__EXERCISE GOAL__: Only the pictures are to be left out; the listing itself is repeated exactly.

━━━ WORKING DATA

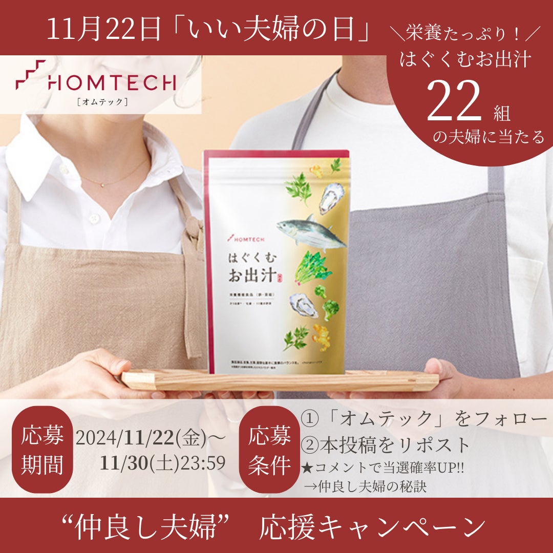 この度、日々の食事をきっかけに、夫婦仲良し♪を応援するべく、オムテックの「はぐくむお出汁」が当たる、いい夫婦の日限定プレゼントキャンペーンを実施いたします。詳細はオムテック公式Xをご覧ください。
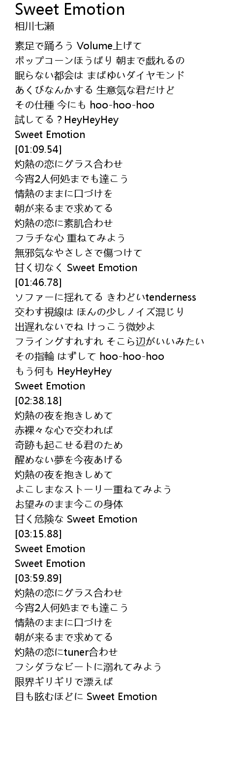 | [03:46.93] | Sweet Emotion |
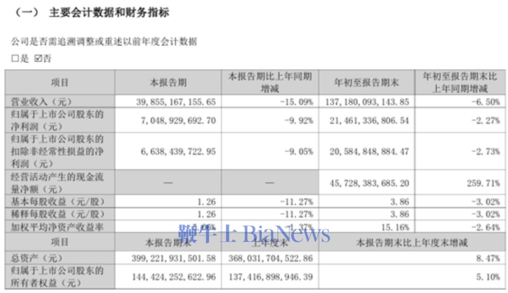 其中,前三季度营收为1371.80亿元,同比下降6.50%。净利润为214.61亿元,同比下降2.27%。
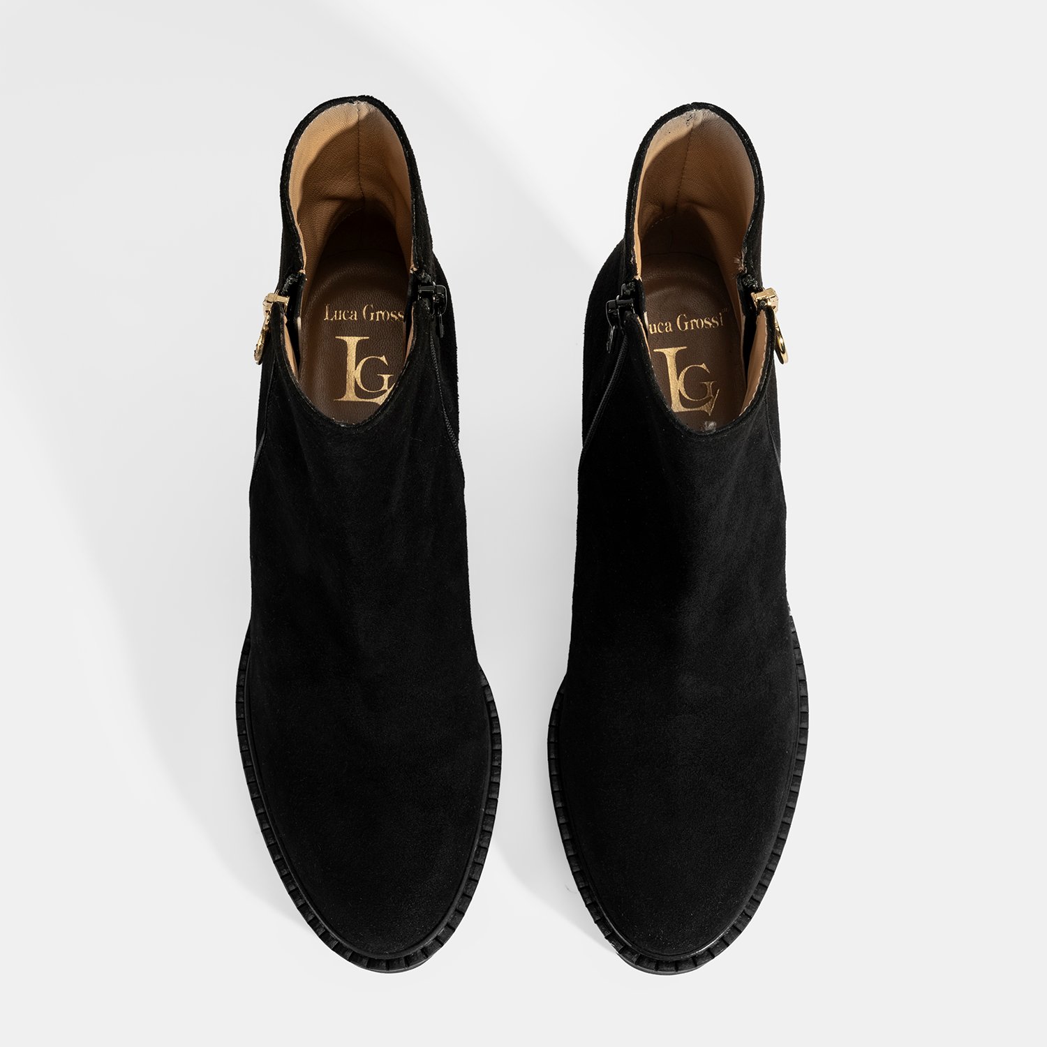 Luca Grossi Kadın Siyah Fermuarlı Kalın Topuklu Süet Bot
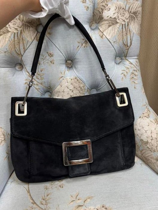 優寶購物《ubao.Tw》特貨品商城,黑貓宅配,取貨付款,Roger Vivier 大方優雅的黑色麂皮肩背包 | Yahoo拍賣
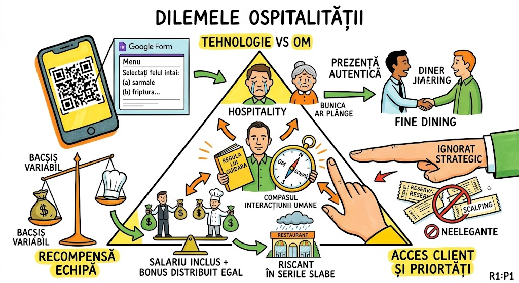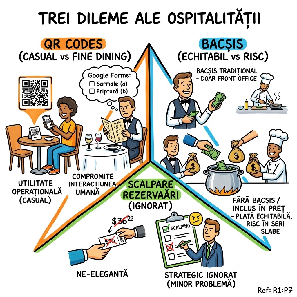 Ce memorăm: Trei dileme ale industriei cu implicații universale — (1) QR codes utile în casual, inutile în fine dining ca substitut de interacțiune umană, (2) eliminarea bacșișului permite plată mai echitabilă a întregii echipe dar expune riscului în serile slabe, (3) scalparea rezervărilor e neelegantă dar o prioritate de ignorat strategic.
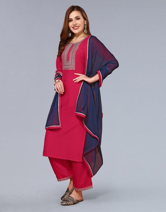 Pink Embroidery Chinnon Straight Kurta With Pant And Dupatta
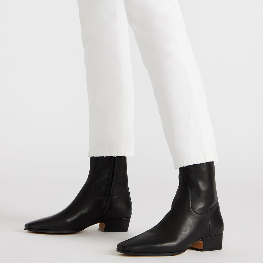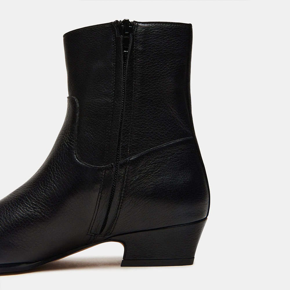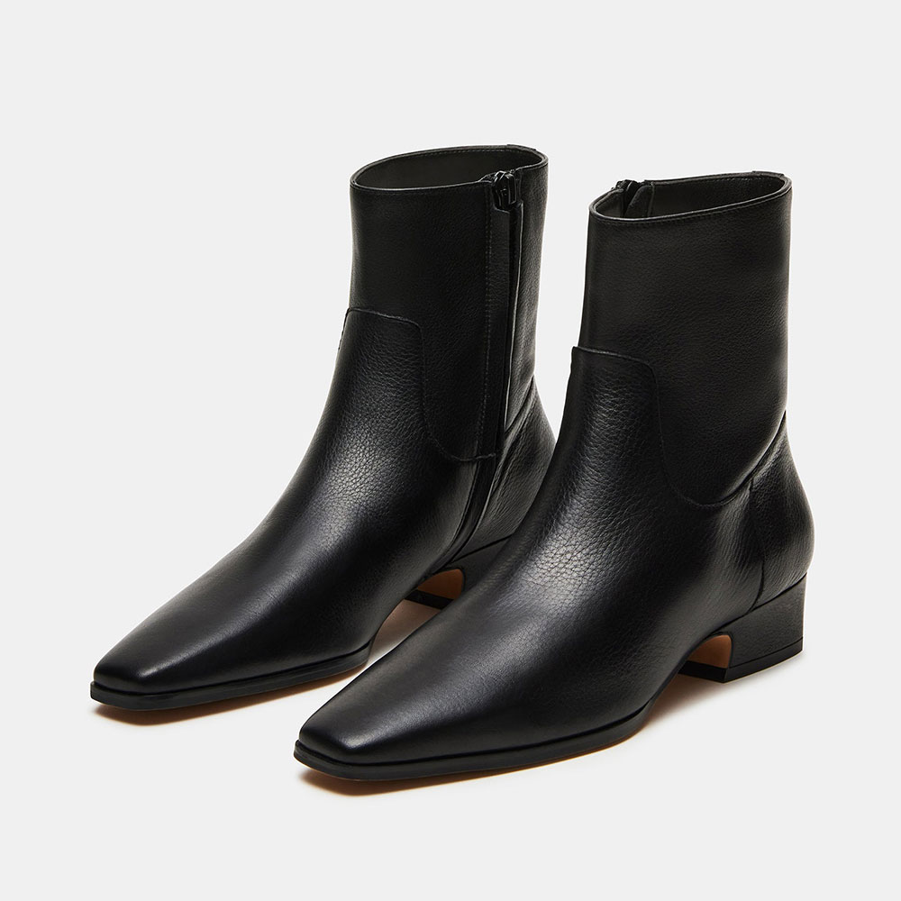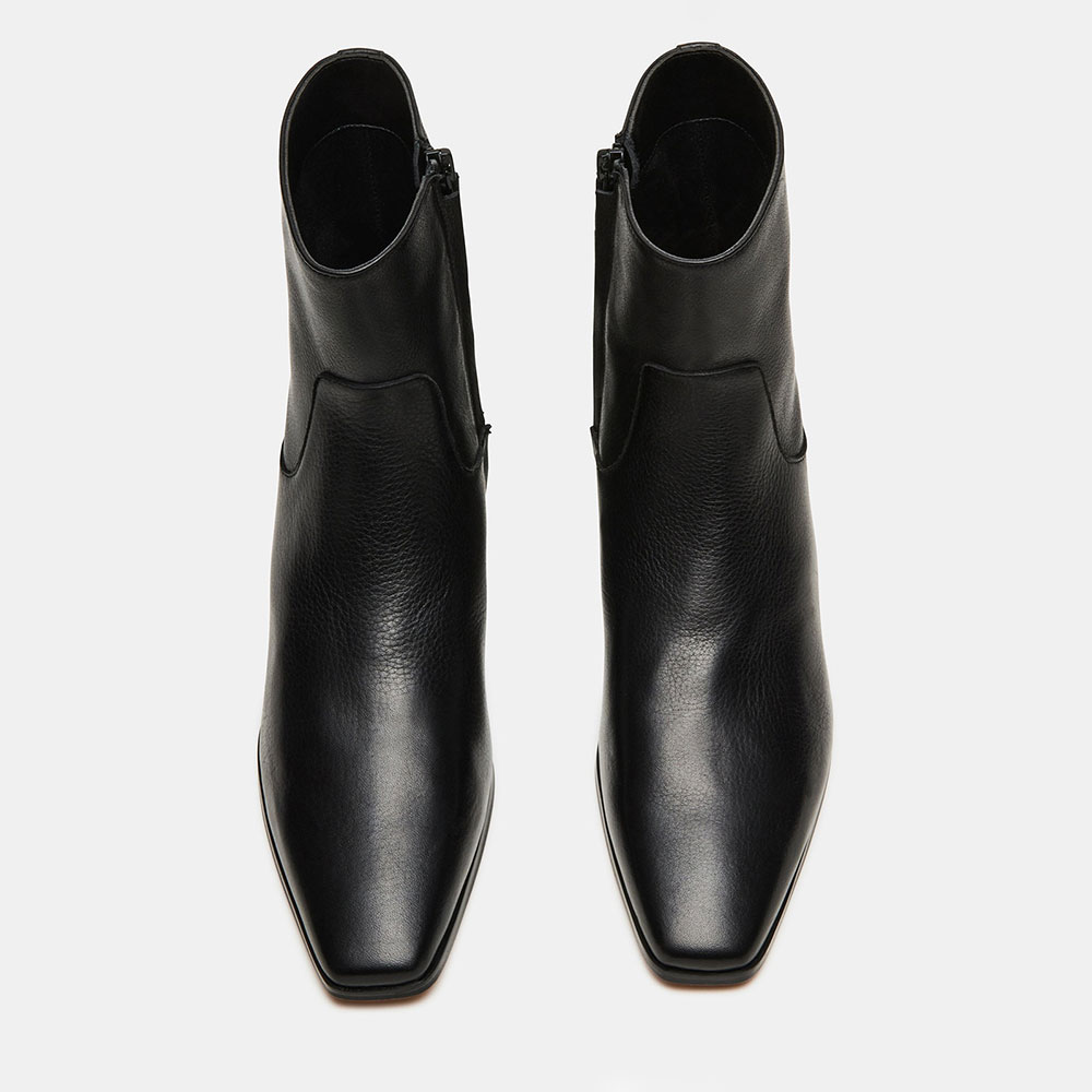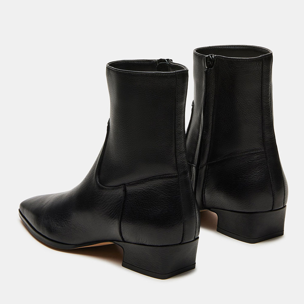 Black Vegan Leather Chunky Heel Square Toe Zipper Ankle Boots
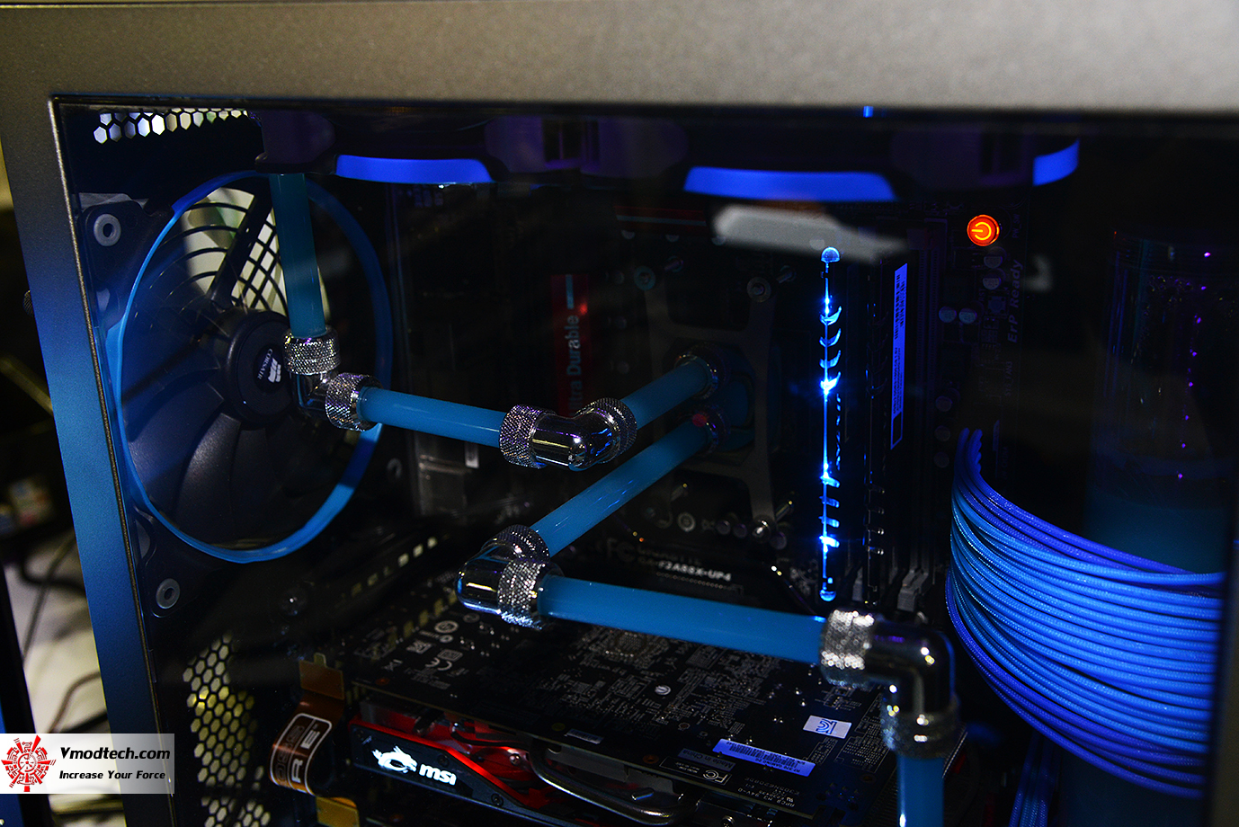 โดดด้วยระบบชุดน้ำที่เป็นสีฟ้าพร้อมทั้งพัดลมระบายความร้อนก็ยังเน้นสีฟ้ารวมทั้งตัวแรมเองก็สีฟ้าอีกด้วยครับ แจ่มจริงๆ
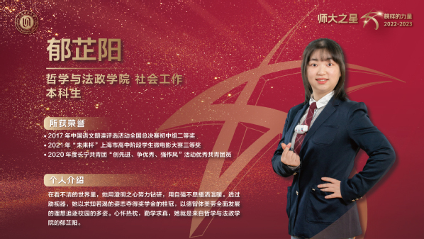 2023年11月30日,2022-2023年度“师大之星·榜样的力量”颁奖典礼于徐汇校区东部音乐厅隆重举行。我院学子郁芷阳同学在历经申报、初评、复评、终评后成功获评“师大之星”,成为了榜样的典例,彰显了榜样的力量。
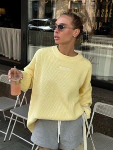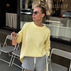糖果色长袖高级感圆领套头毛织上衣女2025秋冬新款Oversize毛衣女
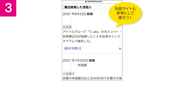 (3)最近結婚した芸能人をリストアップしているサイトを参考に探す方法もある。
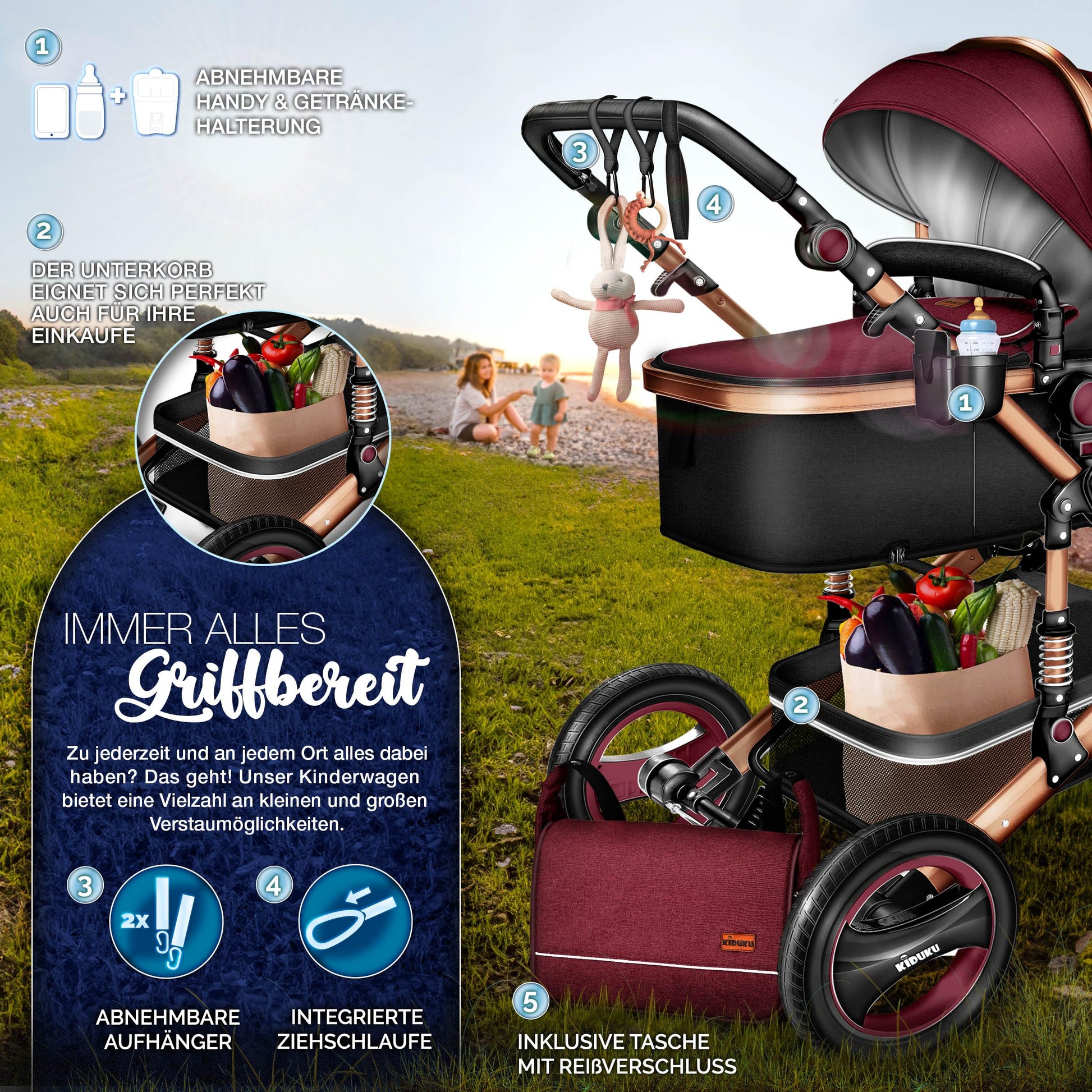 KIDUKU® 3 in 1 Kinderwagen XXL Komplettset | Kombikinderwagen Set inkl. Babywanne Buggy Sportsitz & Auto-Babyschale Fußsack | Vollgummireifen Wickeltasche Handwärmer Regenschutz Kindertisch ECE R129

━━━━━━

__RESPONSE AREA__:
 この度、日々の食事をきっかけに、夫婦仲良し♪を応援するべく、オムテックの「はぐくむお出汁」が当たる、いい夫婦の日限定プレゼントキャンペーンを実施いたします。詳細はオムテック公式Xをご覧ください。
 | [03:46.93] | Sweet Emotion |
 其中,前三季度营收为1371.80亿元,同比下降6.50%。净利润为214.61亿元,同比下降2.27%。
 Luca Grossi Kadın Siyah Fermuarlı Kalın Topuklu Süet Bot
 優寶購物《ubao.Tw》特貨品商城,黑貓宅配,取貨付款,Roger Vivier 大方優雅的黑色麂皮肩背包 | Yahoo拍賣
 Ce memorăm: Trei dileme ale industriei cu implicații universale — (1) QR codes utile în casual, inutile în fine dining ca substitut de interacțiune umană, (2) eliminarea bacșișului permite plată mai echitabilă a întregii echipe dar expune riscului în serile slabe, (3) scalparea rezervărilor e neelegantă dar o prioritate de ignorat strategic.
 Pink Embroidery Chinnon Straight Kurta With Pant And Dupatta
 Black Vegan Leather Chunky Heel Square Toe Zipper Ankle Boots
 โดดด้วยระบบชุดน้ำที่เป็นสีฟ้าพร้อมทั้งพัดลมระบายความร้อนก็ยังเน้นสีฟ้ารวมทั้งตัวแรมเองก็สีฟ้าอีกด้วยครับ แจ่มจริงๆ
 2023年11月30日,2022-2023年度“师大之星·榜样的力量”颁奖典礼于徐汇校区东部音乐厅隆重举行。我院学子郁芷阳同学在历经申报、初评、复评、终评后成功获评“师大之星”,成为了榜样的典例,彰显了榜样的力量。
糖果色长袖高级感圆领套头毛织上衣女2025秋冬新款Oversize毛衣女
 (3)最近結婚した芸能人をリストアップしているサイトを参考に探す方法もある。
 KIDUKU® 3 in 1 Kinderwagen XXL Komplettset | Kombikinderwagen Set inkl. Babywanne Buggy Sportsitz & Auto-Babyschale Fußsack | Vollgummireifen Wickeltasche Handwärmer Regenschutz Kindertisch ECE R129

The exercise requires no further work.